Oordeel 2024-011, zorgvuldig, NVO-melding, longaandoening, uitzichtloos en ondraaglijk lijden, medisch zorgvuldige uitvoering.
Patiënt leed uitzichtloos en ondraaglijk aan een longaandoening. Bij de uitvoering van de euthanasie bleek na het toedienen van de coma-inductor dat het infuus subcutaan liep. De arts heeft toen een nieuw infuus geprikt en is de procedure opnieuw gestart.
In meldingen waarin de commissie van oordeel is dat de arts aan alle zorgvuldigheidseisen voldaan heeft en die geen enkele vraag oproepen, wordt de arts vrijwel altijd in een korte brief op de hoogte gesteld van de uitkomst van de beoordeling. De hieronder staande casus betreft een dergelijke melding. De tekst is dus niet een verzonden oordeel, maar een samenvatting van de casuïstiek van de betreffende melding.
Bij patiënt, een man tussen 70 en 80 jaar, was al jaren sprake van COPD. Na een opname op de intensive care, zeven jaar voor het overlijden, was een langzaam progressief interstitiële longziekte vastgesteld. Het lijden van patiënt bestond uit lichamelijke achteruitgang. Patiënt was tot vrijwel niets meer in staat en afhankelijk van anderen geworden. Hij werd geholpen met wassen, aankleden en boodschappen doen. Patiënt was in de laatste weken voor het overlijden niet meer buiten geweest en zat hele dagen op zijn stoel. Patiënt ervoer zijn lijden als ondraaglijk.
Patiënt had eerder met de arts over euthanasie gesproken. Ongeveer twee weken voor het overlijden heeft patiënt de arts om daadwerkelijke uitvoering van de levensbeëindiging verzocht.

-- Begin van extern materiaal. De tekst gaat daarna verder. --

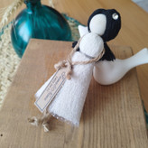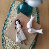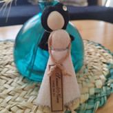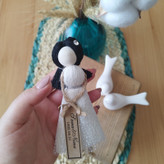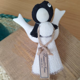 تم این گیفت زیبا میتونه تغییر بکنه تزییناتش تور روی دامن ، نگین روی سر، دست و پا کنفی یا نخ ،و با قیطون کمربند و موی سر بسته شده

Volgens de arts was er sprake van een vrijwillig en weloverwogen verzoek.
De arts was er voorts van overtuigd dat het lijden voor patiënt ondraaglijk en naar heersend medisch inzicht uitzichtloos was. Er waren geen voor patiënt aanvaardbare mogelijkheden meer om het lijden te verlichten. Verder kon uit de stukken worden afgeleid dat de arts patiënt voldoende had voorgelicht over de situatie waarin hij zich bevond en zijn vooruitzichten.
De arts raadpleegde een onafhankelijke SCEN-arts als consulent. Hij bezocht patiënt acht dagen voor het overlijden en kwam tot de conclusie dat aan de zorgvuldigheidseisen was voldaan.
Er was een infuus geprikt en de arts startte de uitvoering met het toedienen van 2000 mg thiopental. Het infuus bleek subcutaan te lopen. Hierop heeft de arts een tweede infuus geprikt. De arts heeft vervolgens 2000 mg thiopental en 150 mg rocuronium toegediend, waarna patiënt overleed. Na het toedienen van de thiopental had de arts vastgesteld dat er sprake was van een adequate bewustzijnsverlaging. De commissie stelt vast dat de arts de euthanasie met de middelen, in de hoeveelheid en op de wijze als aanbevolen in de KNMG/KNMP Richtlijn Uitvoering euthanasie en hulp bij zelfdoding van september 2021 heeft uitgevoerd.
De commissie kwam tot het oordeel dat de arts gehandeld heeft overeenkomstig de zorgvuldigheidseisen.